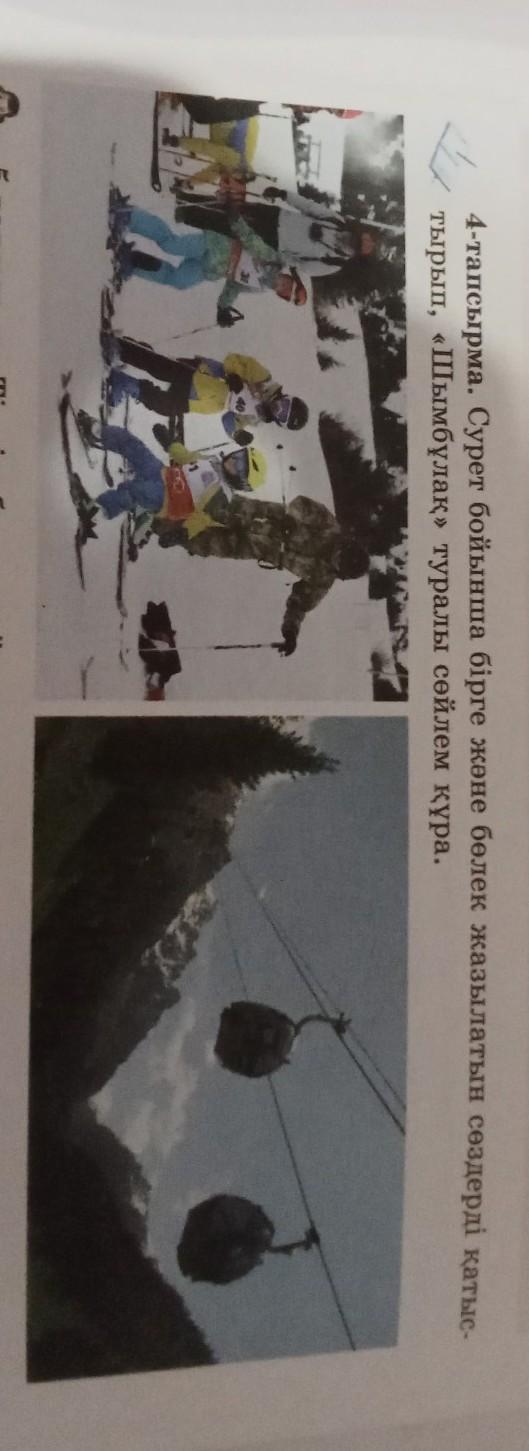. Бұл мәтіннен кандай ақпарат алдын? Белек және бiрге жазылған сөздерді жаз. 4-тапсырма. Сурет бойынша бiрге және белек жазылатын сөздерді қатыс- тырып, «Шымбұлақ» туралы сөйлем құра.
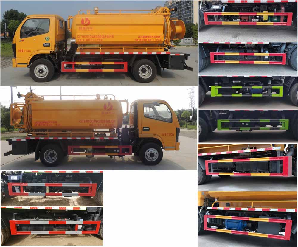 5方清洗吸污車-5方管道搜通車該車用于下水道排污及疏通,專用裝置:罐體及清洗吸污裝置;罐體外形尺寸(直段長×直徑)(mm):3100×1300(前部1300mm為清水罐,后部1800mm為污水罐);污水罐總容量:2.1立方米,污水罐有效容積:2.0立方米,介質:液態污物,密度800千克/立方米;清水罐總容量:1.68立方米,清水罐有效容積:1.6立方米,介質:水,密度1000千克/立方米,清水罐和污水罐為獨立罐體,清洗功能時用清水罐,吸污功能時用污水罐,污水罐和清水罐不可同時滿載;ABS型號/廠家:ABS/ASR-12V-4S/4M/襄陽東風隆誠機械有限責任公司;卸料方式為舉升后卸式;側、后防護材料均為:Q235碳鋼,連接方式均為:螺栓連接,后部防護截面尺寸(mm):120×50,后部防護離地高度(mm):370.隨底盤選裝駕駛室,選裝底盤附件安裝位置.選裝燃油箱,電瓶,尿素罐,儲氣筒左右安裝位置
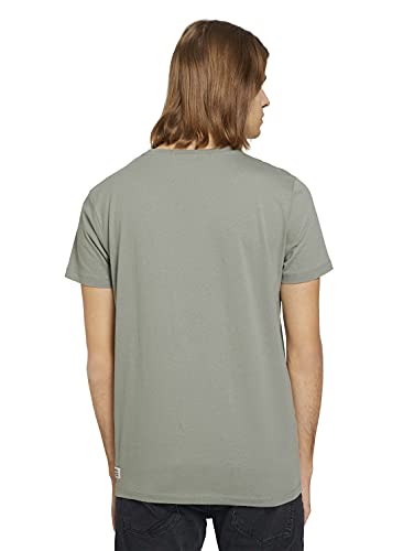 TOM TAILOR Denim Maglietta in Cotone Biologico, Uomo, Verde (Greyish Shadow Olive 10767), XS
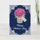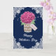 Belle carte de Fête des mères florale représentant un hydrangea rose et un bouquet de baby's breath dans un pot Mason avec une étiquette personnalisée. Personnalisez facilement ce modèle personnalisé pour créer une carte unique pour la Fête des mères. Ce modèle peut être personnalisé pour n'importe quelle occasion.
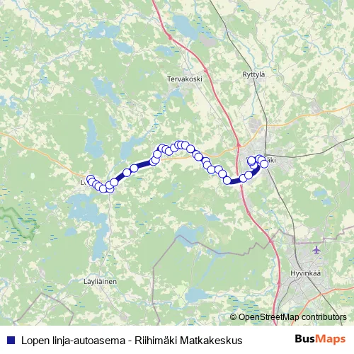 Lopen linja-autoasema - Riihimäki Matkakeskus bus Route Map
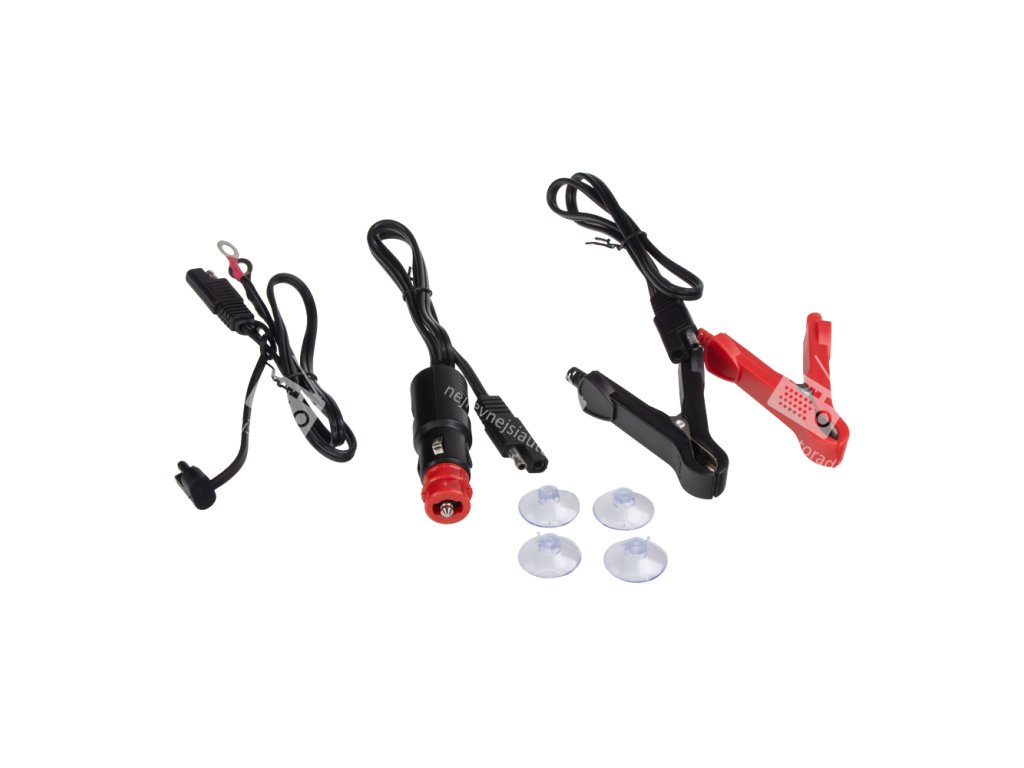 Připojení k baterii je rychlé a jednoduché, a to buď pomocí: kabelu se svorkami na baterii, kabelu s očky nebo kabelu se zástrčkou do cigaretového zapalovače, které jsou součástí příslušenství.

* * *

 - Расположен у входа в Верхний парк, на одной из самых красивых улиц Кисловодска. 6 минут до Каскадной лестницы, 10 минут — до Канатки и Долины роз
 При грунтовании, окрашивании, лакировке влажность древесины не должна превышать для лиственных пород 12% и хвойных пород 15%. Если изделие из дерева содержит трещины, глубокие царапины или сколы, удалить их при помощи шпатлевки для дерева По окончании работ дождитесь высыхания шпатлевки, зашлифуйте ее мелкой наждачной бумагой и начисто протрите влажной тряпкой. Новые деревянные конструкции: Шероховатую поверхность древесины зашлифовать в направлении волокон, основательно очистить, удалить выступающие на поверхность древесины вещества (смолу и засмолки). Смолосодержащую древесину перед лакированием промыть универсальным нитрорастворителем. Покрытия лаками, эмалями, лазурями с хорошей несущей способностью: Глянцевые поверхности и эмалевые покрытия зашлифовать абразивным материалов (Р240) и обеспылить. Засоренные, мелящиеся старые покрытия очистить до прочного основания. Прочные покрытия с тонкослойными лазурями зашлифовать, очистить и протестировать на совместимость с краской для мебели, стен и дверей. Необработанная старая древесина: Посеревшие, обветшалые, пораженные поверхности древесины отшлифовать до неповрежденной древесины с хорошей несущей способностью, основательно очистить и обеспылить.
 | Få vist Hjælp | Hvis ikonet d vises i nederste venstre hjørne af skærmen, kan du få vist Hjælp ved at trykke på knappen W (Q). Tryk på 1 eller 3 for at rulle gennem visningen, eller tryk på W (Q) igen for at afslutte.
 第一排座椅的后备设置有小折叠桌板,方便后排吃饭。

▸ **Brief**: Only one part of the listing is wanted: the lines from the one containing "5方清洗吸污車-5方管道搜通" through the one containing "TOM TAILOR Denim", both included. Please transcribe it exactly, leaving out the pictures.

▸ **Solution to this problem**:
 5方清洗吸污車-5方管道搜通車該車用于下水道排污及疏通,專用裝置:罐體及清洗吸污裝置;罐體外形尺寸(直段長×直徑)(mm):3100×1300(前部1300mm為清水罐,后部1800mm為污水罐);污水罐總容量:2.1立方米,污水罐有效容積:2.0立方米,介質:液態污物,密度800千克/立方米;清水罐總容量:1.68立方米,清水罐有效容積:1.6立方米,介質:水,密度1000千克/立方米,清水罐和污水罐為獨立罐體,清洗功能時用清水罐,吸污功能時用污水罐,污水罐和清水罐不可同時滿載;ABS型號/廠家:ABS/ASR-12V-4S/4M/襄陽東風隆誠機械有限責任公司;卸料方式為舉升后卸式;側、后防護材料均為:Q235碳鋼,連接方式均為:螺栓連接,后部防護截面尺寸(mm):120×50,后部防護離地高度(mm):370.隨底盤選裝駕駛室,選裝底盤附件安裝位置.選裝燃油箱,電瓶,尿素罐,儲氣筒左右安裝位置
 TOM TAILOR Denim Maglietta in Cotone Biologico, Uomo, Verde (Greyish Shadow Olive 10767), XS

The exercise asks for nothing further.